Pain Management: A Historical PerspectiveCHAPTER 1

Vasumathi M Divekar
“Farther we look back, further we can see”—Sir Winston Churchill
 
INTRODUCTION
Pain as a specialty is over half a century old. It is defined as a “discipline of medicine devoted to the diagnosis and treatment of pain related disorders”. Pain is as old as humankind. Hippocrates first mentioned the brain as the center of sensation (over 2000 BC). Descartes (1700s) described nerves as tubes containing threads connecting the skin to the brain. From being a curse in ancient times, it has become the sixth sense.
 
HISTORICAL ASPECT
The first mention of pain relief in western literature (Thomas Schuman) is of Sushruta (500 BC) for surgical operations; it was achieved by opium, wine or Indian hemp (Fig. 1). In a chronicle “Bhoj Prabandh”, Raja Bhoj (527 AD) mentions use of a concoction “Sammohini” for pain relief.
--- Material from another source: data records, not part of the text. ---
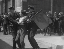 only one carrying a red flag, he is arrested.
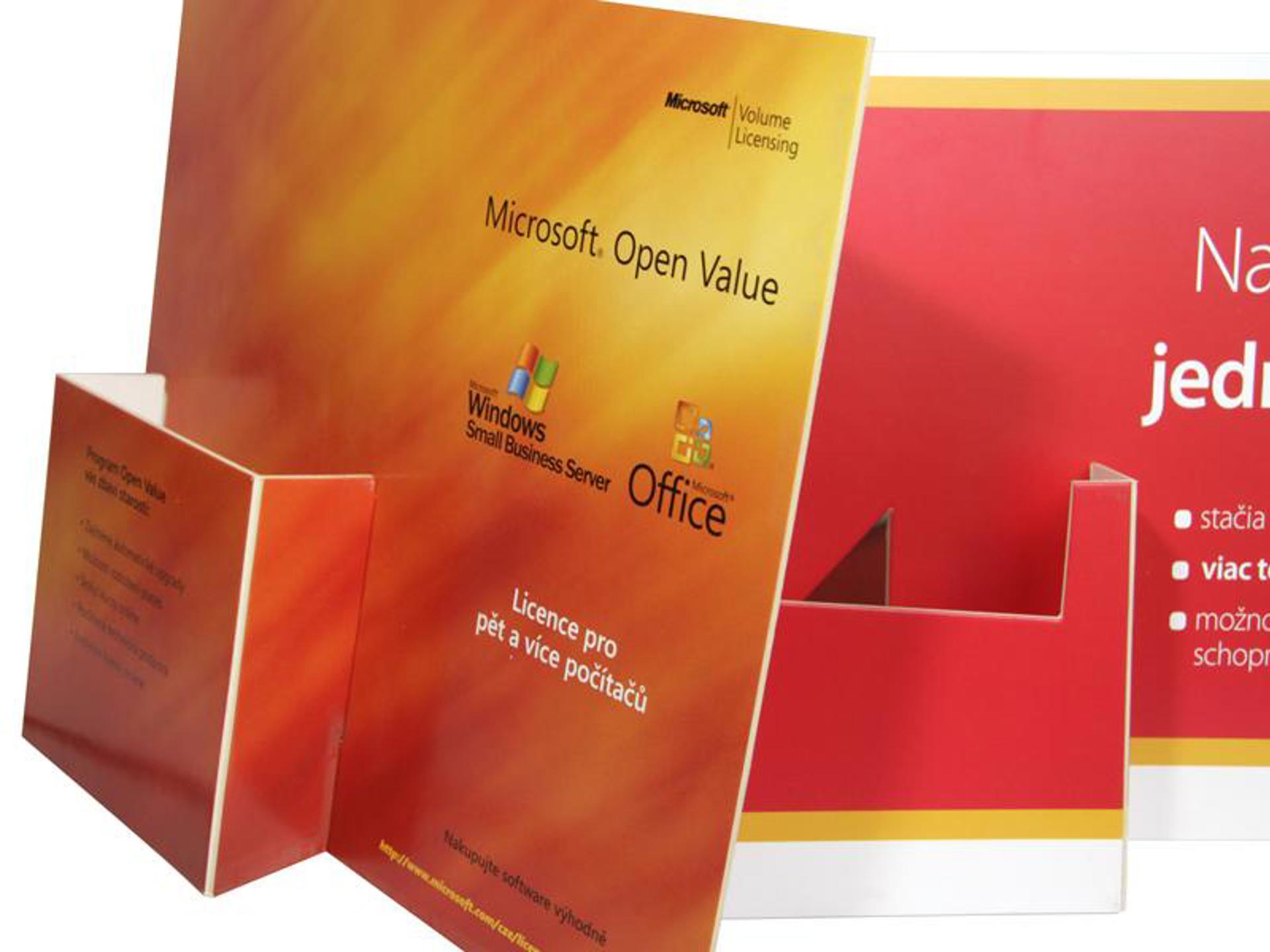 Vyrobili jsme stojánky na letáky, kde je ofsetem potištěný potah kašírován a následným výsekem je stojánek formován do výsledného tvaru.
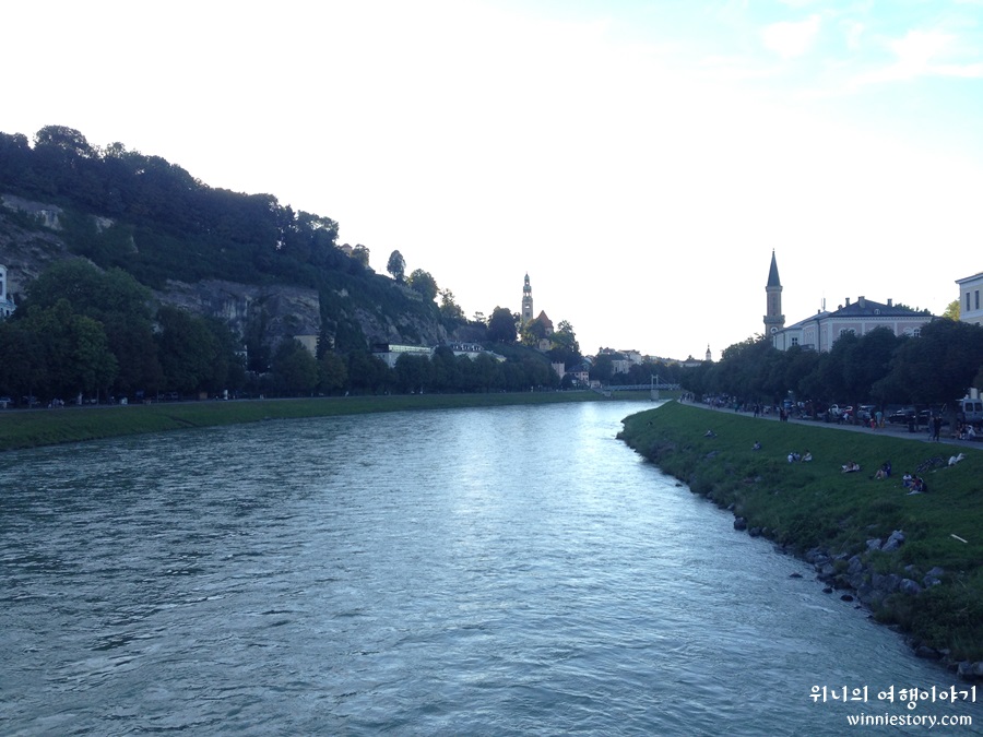 체크인을 해서 숙소에 짐을 풀고 잠깐 주변 구경을 해보기로 했다. 잘츠부르크를 관통하는 잘차흐강.
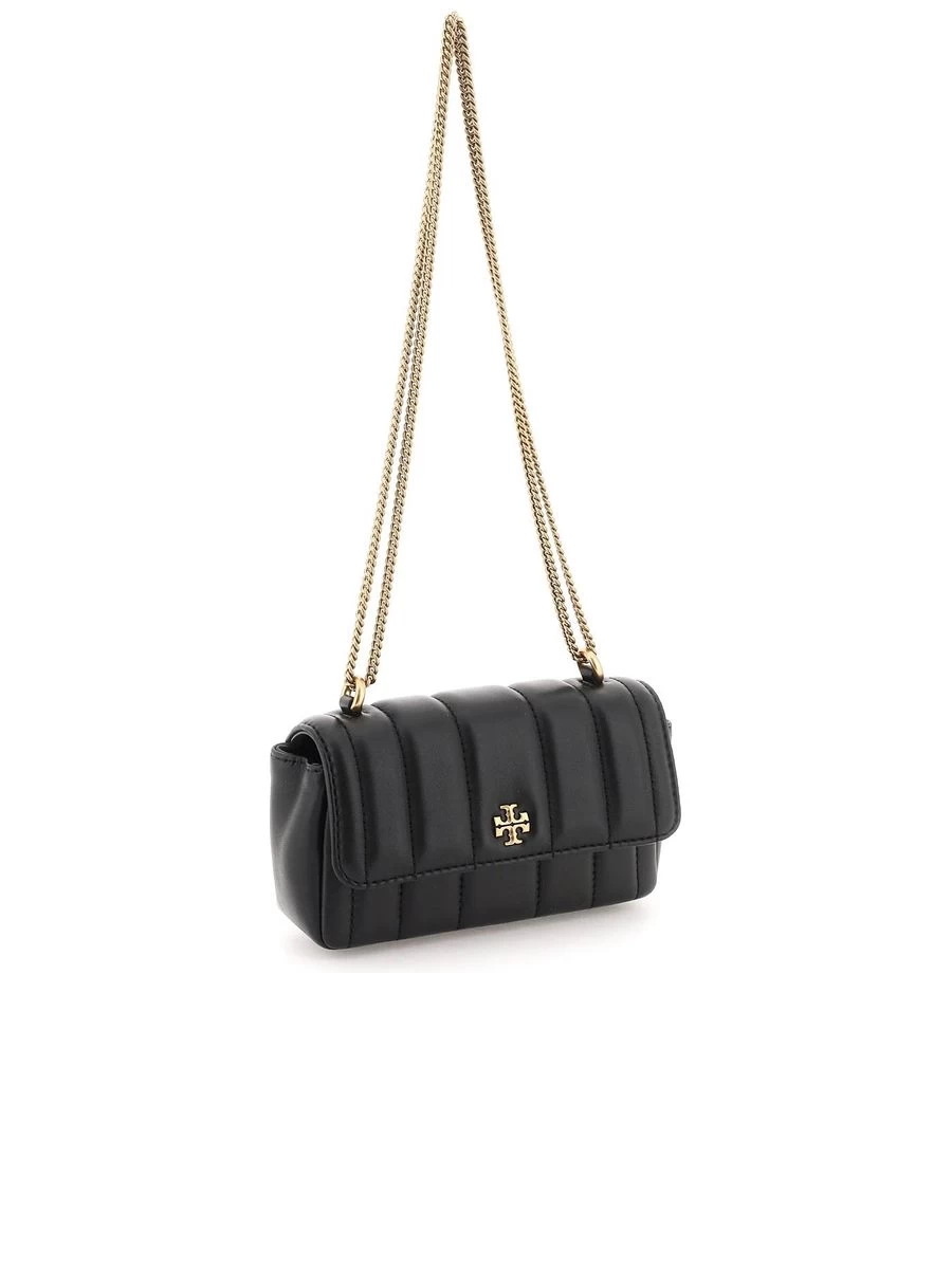 Experience the elegance of minimalism with the Tory Burch Kira Mini Bag. Exquisitely crafted from quilted nappa leather, this accessory boasts the iconic metal Double T logo for an unmistakable touch of luxury. The design features a versatile sliding chain strap, allowing for comfortable shoulder or crossbody wear. Secured with a magnetic closure, the interior reveals a soft suedette lining paired with a convenient leather credit card slot, all finished with lustrous gold-tone metalware.
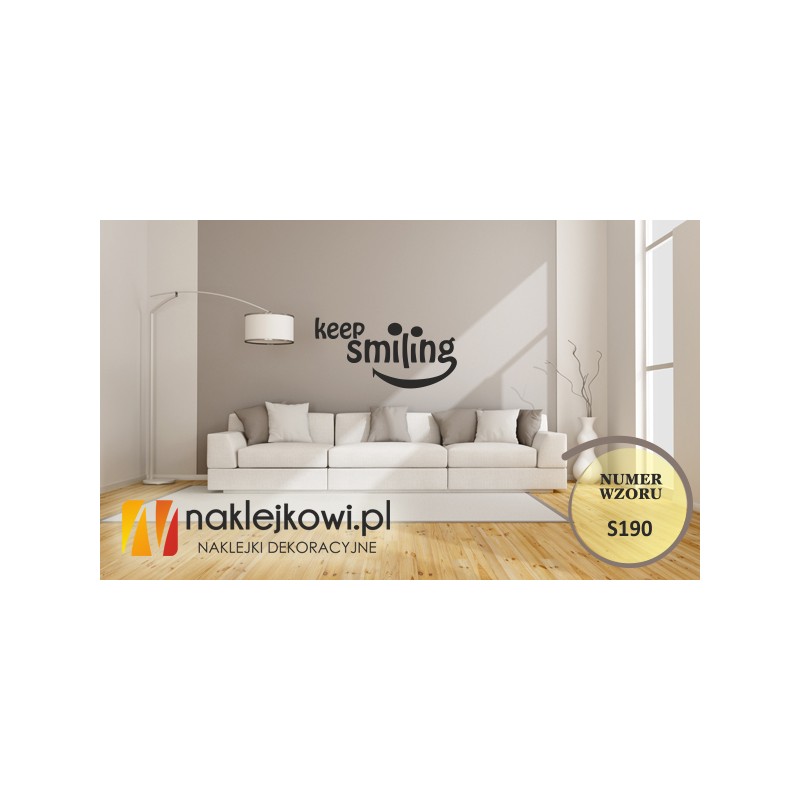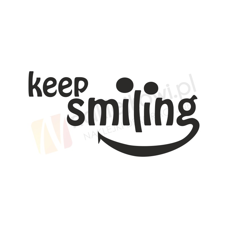 Naklejka humorystyczna, motywująca "Keep smiling" to sposób na kreatywną zmianę wystroju wnętrza salonu, pokoju dziennego czy pokoju młodzieżowego.

For labor analgesia strong wines, inhalation of burnt mohini flowers, opium and marijuana (bhang) were used (Vagabhatta 400 AD). In Europe cold water, mandrake roots, solanium, and wild lettuce were used (Figs 2A and B). In the 16th–17th centuries hypnotism and mesmerism were practiced, made famous by James Esdaile in Calcutta (1845).
 
ROLE OF MEDICATION
With the discovery of ether, (1847—Morton) (Fig. 3) chloroform (Fig. 4) and cocaine a local anesthetic (1888—Bier), Esters and amides for local anesthesia revolutionized into nerve blocks and nerve lysis. In the early 20th century analgesics were synthesized. Twilight sleep was used in labor analgesia (1902—Van Steinbuchel) with an injection of morphine and scopolamine abandoned after 30 years! “Gwathmey analgesia” advocated a mixture of morphine, magnesium sulfate and ether in olive oil, alcohol and quinine. This was supposed to be harmless at that time! Inhalation agents like Trilene, Penthrane and Entonox (N2O + O2) had their days.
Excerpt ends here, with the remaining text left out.